I also detail below more specific or detailed points.
1. Line 59 you limit the study to flat, sheltered terrain at treeline elevation. This seems an interesting selection here, but therefore the results are compared to human assessed forecast (e.g. Fig 7a). This human assessed forecast should take into account all elevations. Thus, is this really comparable ? In the discussion, you underline the high impact on elevation on the results of clustering (Bouchayer, 2017, line 295 and following).2. Line 60, you state that the method used to obtain simulated profiles is of little relevance. I do not agree. I understand the idea to put it in appendix not to break the flow of the paper (which is quite easy to read). However, choices in the simulated profiles can highly impact the results. Maybe this sentence could be modified. In particular, I noted line 355 that you selected meteorological data from 2 models. I wonder if this could impact the results as the climatology of meteorological data may be different between models, especially as the resolution are very different (so the representation of mountainous area is significantly different). I would be at least interested to have a map with the selected points for each model to ensure that there is no obvious correlation between clustering results and the choice of meteorological model.

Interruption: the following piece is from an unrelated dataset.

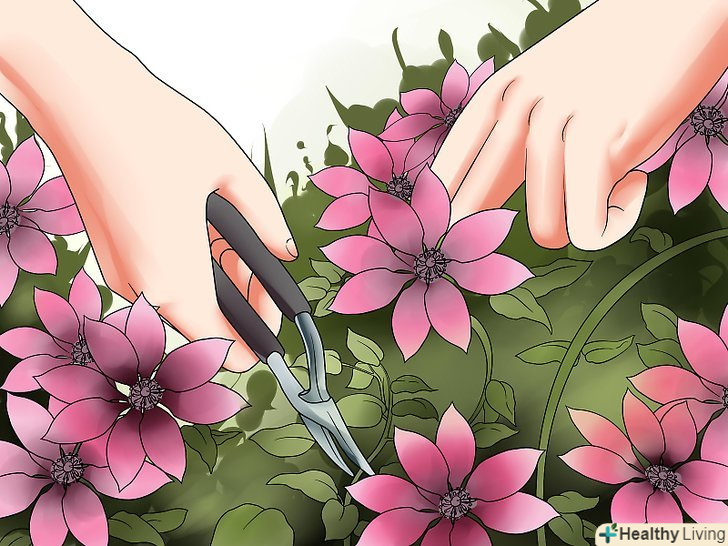 Підрізайте рослину належним чином. є три типи клематисів, і кожен з них вимагає особливого підходу.- У клематиса, який розцітає рано, потрібно видаляти всі мертві і слабкі стебла відразу ж, як тільки рослина зацвіте.

3. Line 100-103: Could you explain why you state that "this method closely aligns with forecasters' criteria..." ?
4. Line 109-110 "that are more likely to align... than would result from basic Euclidian distances": a distance between two areas may be defined differently than the distance between centroid, especially it could be defined as the minimum distance between two points, each on in each area. This latter Euclidian distance would be relevant. Maybe this part of sentence is not relevant here, you made a choice that seem simple but relevant for your goal.
5. Equation 2: Notation $u^r_iv$ may not be clear. I supposed this is $u_iv$ at power r. If so maybe, the power could be put more clearly with a parenthesis, for instance.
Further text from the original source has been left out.